4. If I can help myself with alternative therapies, I prefer that to what my rheumatologist prescribes**.
5. My medicines are always stored in the same place, and that’s why I do not forget them.
6. I take my medicines because I have complete confidence in my rheumatologist.
7. The most important reason to take my anti-rheumatic medicines is that I can still do what I want to do.
8. I do not like to take medicines. If I can do without them, I will**.
9. When I am on vacation, it sometimes happens that I do not take my medicines**.
10. I take my anti-rheumatic drugs, for otherwise what’s the point of consulting a rheumatologist?
11. I do not expect miracles from my anti-rheumatic medicines**.
12. If you cannot stand the medicines you might say: “throw it away, no matter what”**.
13. If I do not take my anti-rheumatic medicines regularly, the inflammation returns.
14. If I do not take my anti-rheumatic medicines, my body warns me.
15. My health goes above everything else and if I have to take medicines to keep well, I will.
16. I use a dose organizer for my medications.

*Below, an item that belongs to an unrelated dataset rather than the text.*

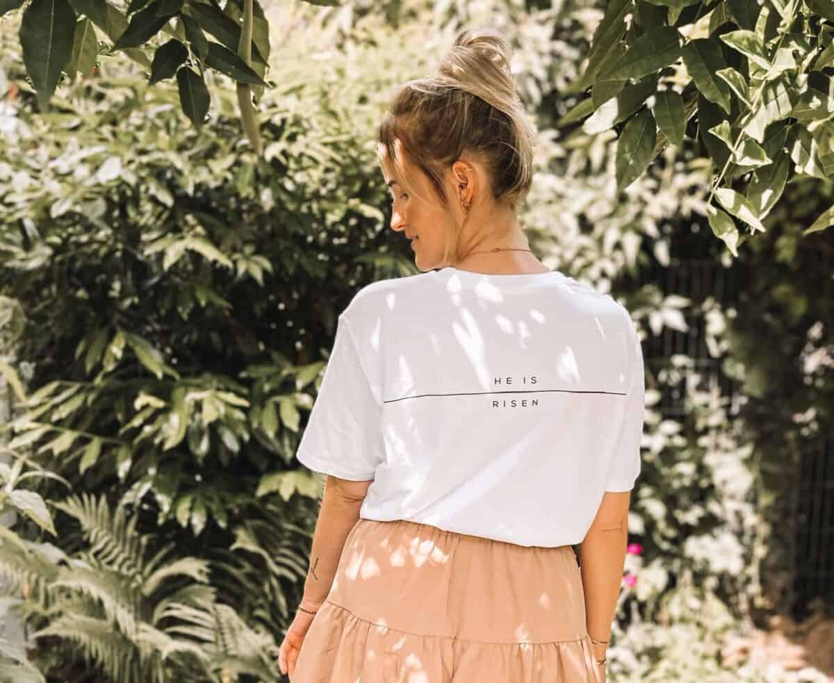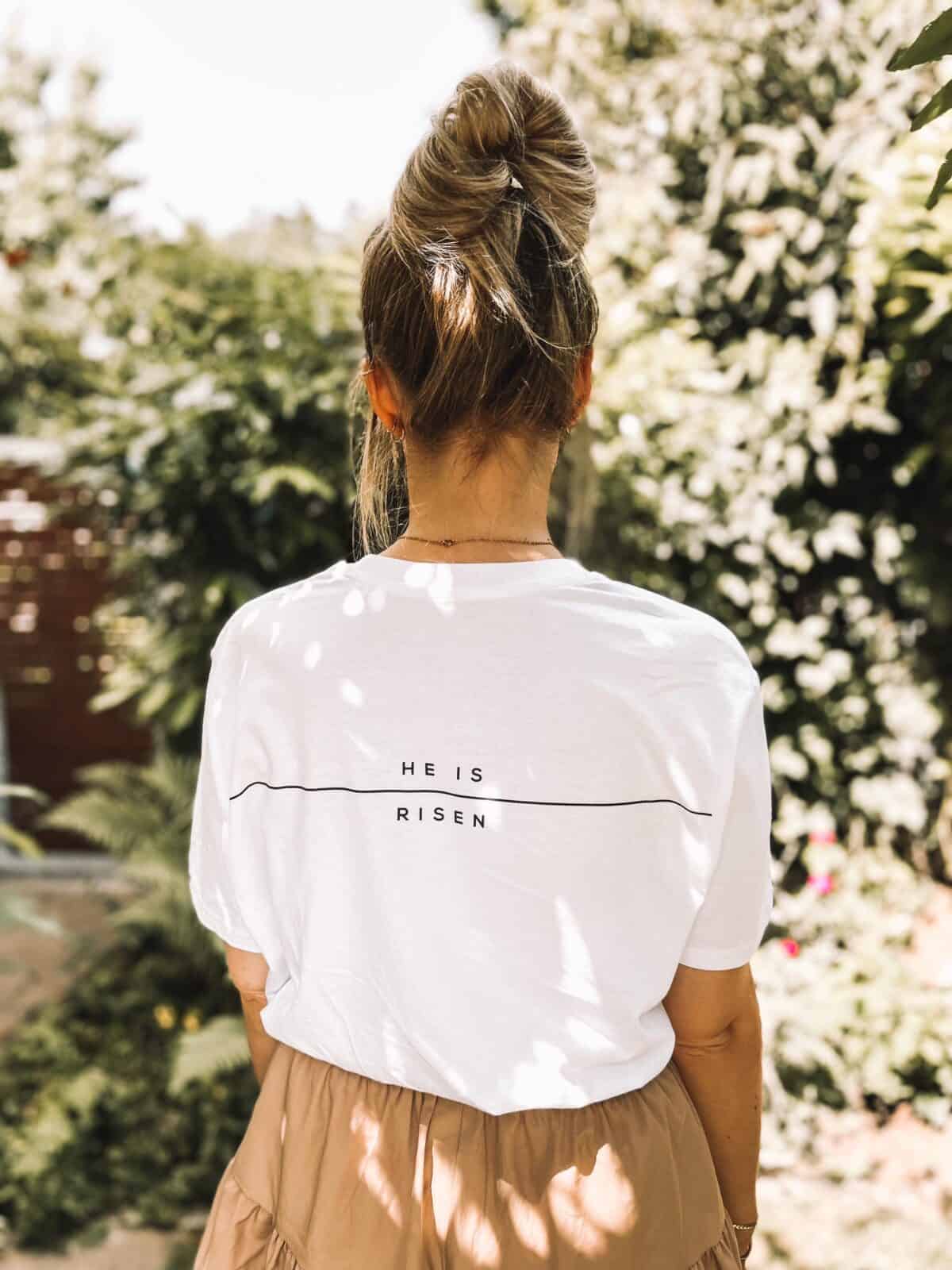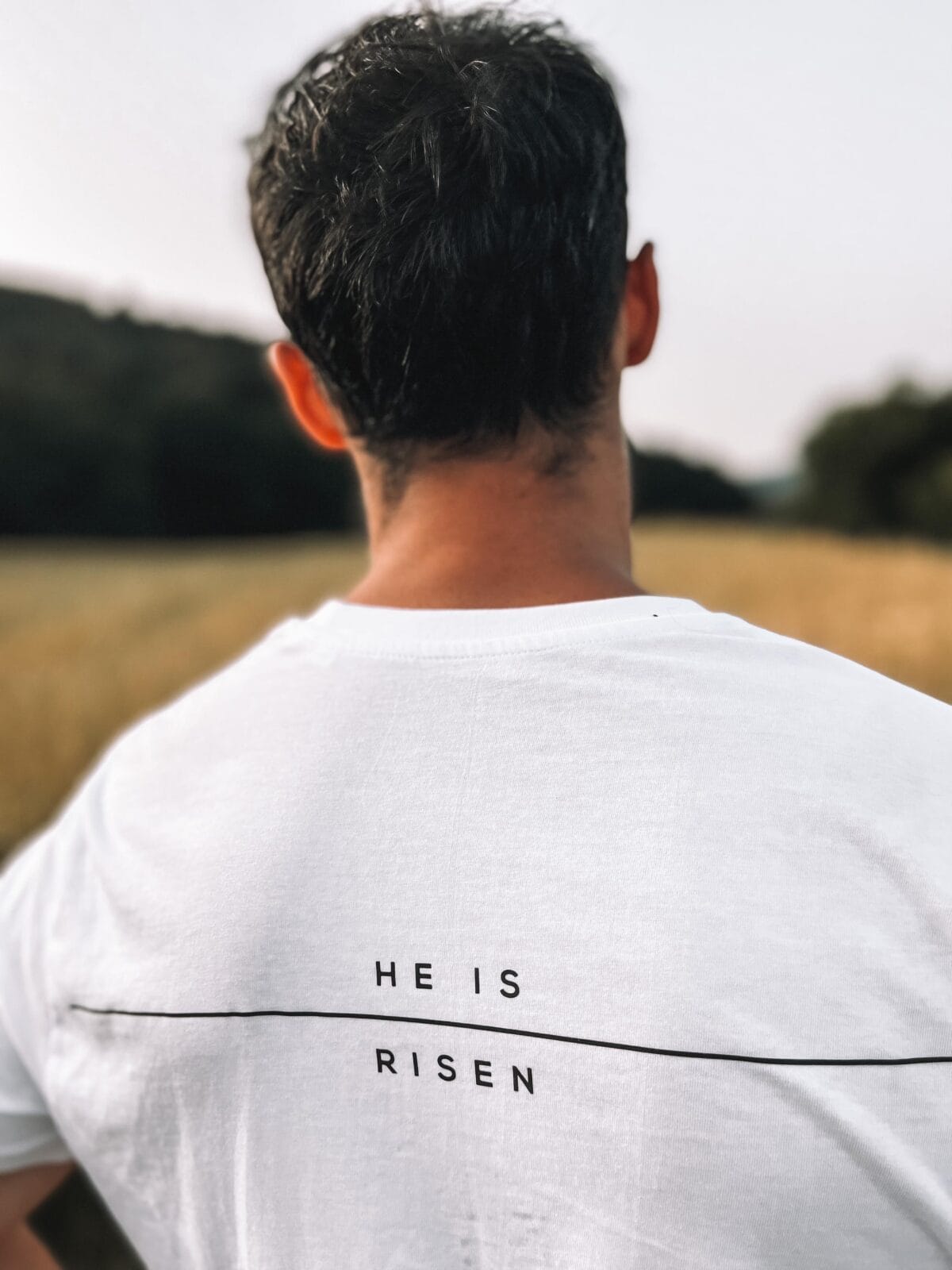 T-Shirt mit der Aufschrift „HE IS RISEN“ (ER IST AUFERSTANDEN) auf der Rückseite

17. What the doctor tells me, I hang on to.
18. If I do not take my anti-rheumatic medicines, I have more complaints.
19. It happens every now and then, I go out for the weekend and then I do not take my medicines**. The answers are scored on a 4-point Likert scale with anchors: 1. do not agree at all; 2. do not agree; 3. agree; 4. agree very much. *For gout patients, the word anti-rheumatic was changed to anti-gout. **These items were recoded to compute a total score.